This summer, I read a book titled “Love Your Enemies” by Arthur C. Brooks, who was recently the president of a conservative think tank, the American Enterprise Institute. The book discusses changing the way we interact in the political sphere. Instead of writing a book review, I want to reflect on its impact on me.
First, a bit about Brooks. He appears to be a thoughtful, reasonable individual with a background as a professional classical musician for about 22 years. Later, he transitioned into economics and policy analysis, initially focusing on charitable giving. Brooks is friends with the Dalai Lama, and they even co-wrote an article for the New York Times. Though he’s been a practicing Catholic since age 16, the Dalai Lama’s teachings on love have significantly influenced him. Brooks was once a registered Democrat, then a Republican, and now he’s an Independent. Despite being conservative, he doesn’t align with Trumpian conservatism.
I intentionally chose to read a book by a conservative to challenge my own liberal views and counter the trend of quickly dismissing differing opinions. Although Brooks and I likely don’t align politically, I welcomed this challenge.
The book indeed challenged me in various ways, sometimes testing my patience. Brooks aims for balance, critiquing both Donald Trump and Hillary Clinton, even though I believe their flaws aren’t equivalent. While discussing the need for democratic rules, he avoids addressing significant rule-breaking issues like gerrymandering or voter purges, probably to maintain a strained sense of impartiality. Despite wanting Brooks to admit that sometimes one side is worse, I reminded myself this could be my own bias.

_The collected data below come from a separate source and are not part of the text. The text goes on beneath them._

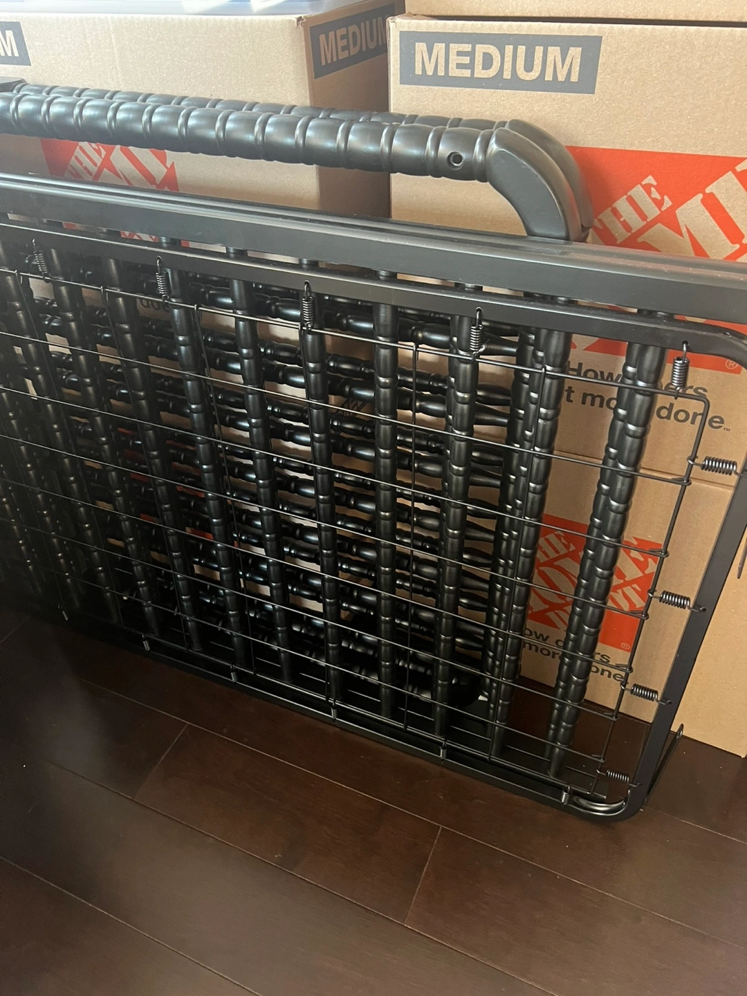 MOVING SALE: Standard sized black crib (not assembled)
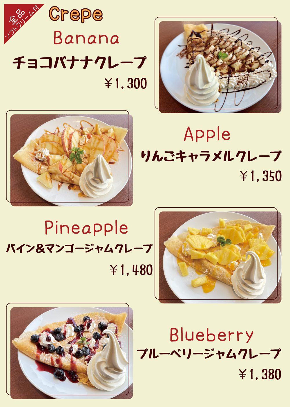 抹茶バナナクレープ 680円
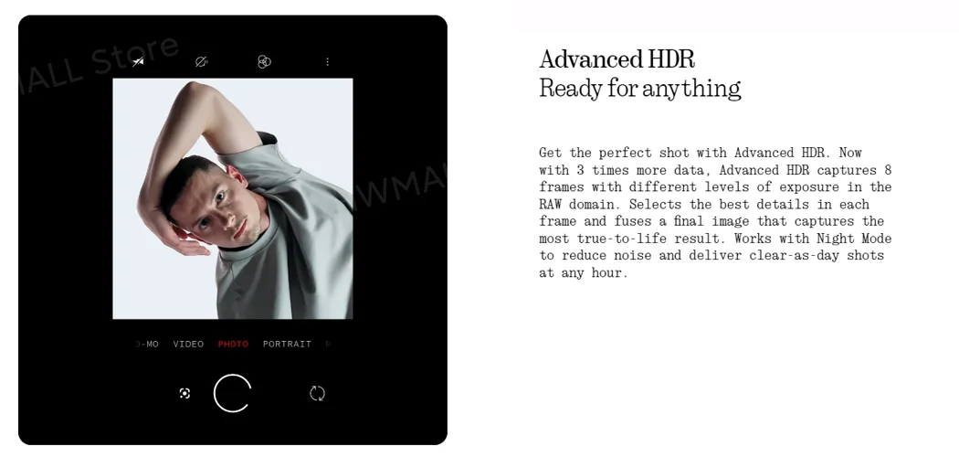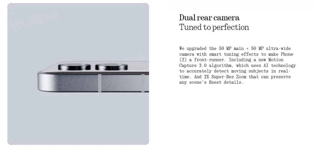 Phone (2) effortlessly captures real life as it’s happening. With an 18-bit Image Signal Processor (ISP), it is capable of capturing 4,000 times more camera data than Phone (1). Allowing us to deliver advanced new algorithms that make photos and videos more dynamically accurate than ever.
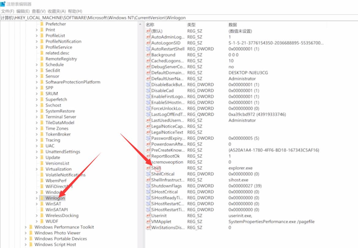 4、单击选中Winlogon,在右侧窗口中双击Shell,若Shell的数值数据为explorer.exe则正确,若不是,则更改为explorer.exe,点击确定即可(如图所示)。
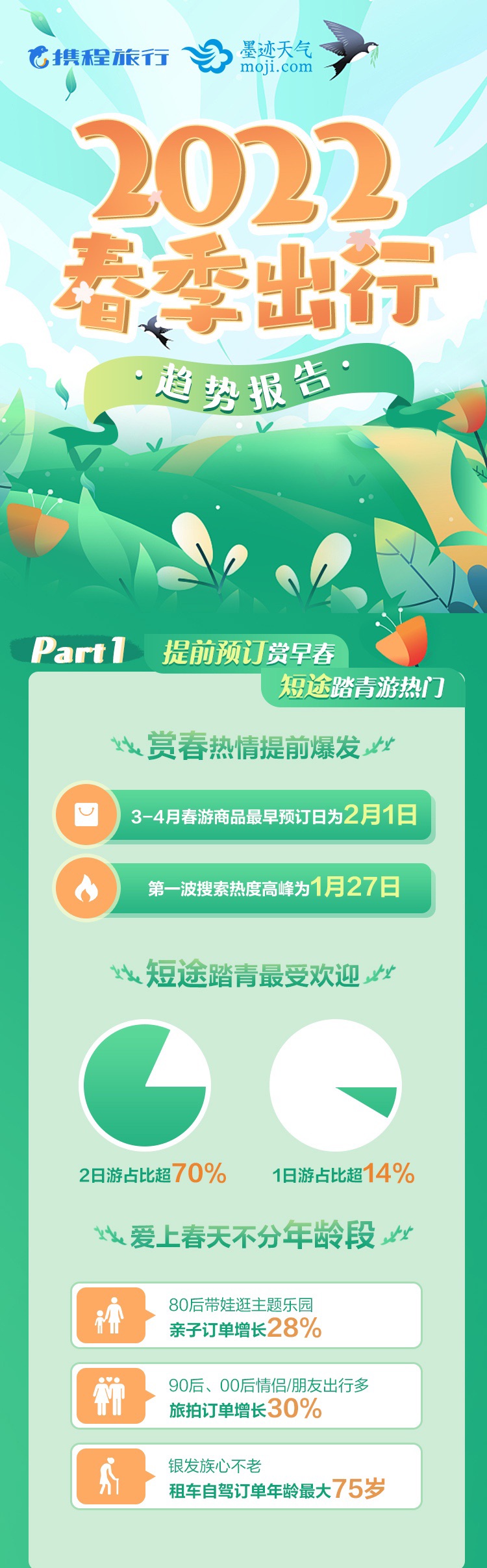 出行人群方面,报告显示,80后占比近三成,90后、00后占比近六成。各个年龄段的用户也都有自己钟情的赏春玩法。90后和00后中,朋友、情侣出行占据相当大比例,少不了拍美照发个朋友圈,携程平台上,来自他们的旅拍订单同比增长约三成。80后最爱带娃去的地方就是主题乐园,门票预订量同比去年增长28%。而对于越来越多心态年轻、有钱有闲的银发一族来说,自驾出游满足了他们自由把握出游节奏,不用匆忙打卡的需求,在携程租车自驾春游的用户中,年龄最大的有75岁,正是享受自在的好年纪。

The main positive challenge was: how can we love our enemies? It encouraged me to approach others more lovingly, communicate with compassion, practice empathy deeply, and let go of tribalism—tasks that seem lifelong and difficult.
What resonated most was Brooks’ dismissal of “civility” and “tolerance” as sufficient goals. It’s not that we shouldn’t be civil or tolerant, but that these goals fall short. Brooks argues that describing a marriage as “civil” or “tolerant” would signal a problematic relationship. Similarly, merely being civil or tolerant towards political opponents is inadequate—we must learn to love our enemies.
Of course, this is deeply challenging. Even achieving civility and tolerance is tough because we often feel compelled to judge harshly those we disagree with. If loving our enemies is even harder, how can we start?
I believe the fundamental step is recognizing the common humanity in those we disagree with. We all desire similar things like fairness, freedom, and security, but we pursue these goals differently. These differences bring us into opposition, leading to clashes and viewing each other as enemies. We stop seeing any common ground and resort to name-calling and distorting each other’s views.
Take, for example, a person who believes human activities drive climate change and seeks significant government intervention versus another person wary of governmental overreach. These two might view each other as existential enemies, unlikely to change each other’s minds. Their interactions often become displays of contempt and loyalty to their political groups, rather than genuine dialogues.
By looking beyond the insults and policies, we can see two humans who are afraid and seeking security. If we approach each other with this understanding, our communication becomes more respectful and sensitive. We might start learning from one another instead of lecturing and insulting, aiming for connection rather than division.
Brooks cites the friendship between Princeton professors Cornel West, a black socialist, and Robert George, a white conservative, as an example. Despite disagreeing on nearly everything, they clearly love each other as brothers. Their relationship isn’t about forced politeness or mere tolerance; it’s about love, respect, and openness to learning. This shows it’s possible to love while disagreeing and challenging each other’s views.
One risk in trying to empathize with opponents is getting angry when it doesn’t work. Brooks emphasizes that empathy isn’t a trick to change people’s minds. It’s valuable because it’s a better way to live. Acting out of empathy might not change every heart and mind, but it’s always worth trying and benefits us in the long run, helping us connect more deeply with our own humanity.
I’m attempting to put this into practice. Step one is distancing myself from what Brooks calls the “outrage industrial complex” found in social media and televised debates. I’ve already reduced my social media use and avoid popular accounts that thrive on insults.
I’m gradually learning to see common concerns beneath our differing worldviews and recognize the humanity beneath contempt. Communicating empathetically with people I completely disagree with still scares me, but it’s a lifelong task I’ve just begun. As someone who has been practicing and teaching loving-kindness meditation for decades, this is humbling. Loving my enemies feels like a calling. By the time we truly love our enemies, we realize they are no longer enemies, but brothers and sisters.
“Love Your Enemies” isn’t a perfect book, but it’s worth reading for its central challenge—to let go of contempt and strive to become more loving human beings.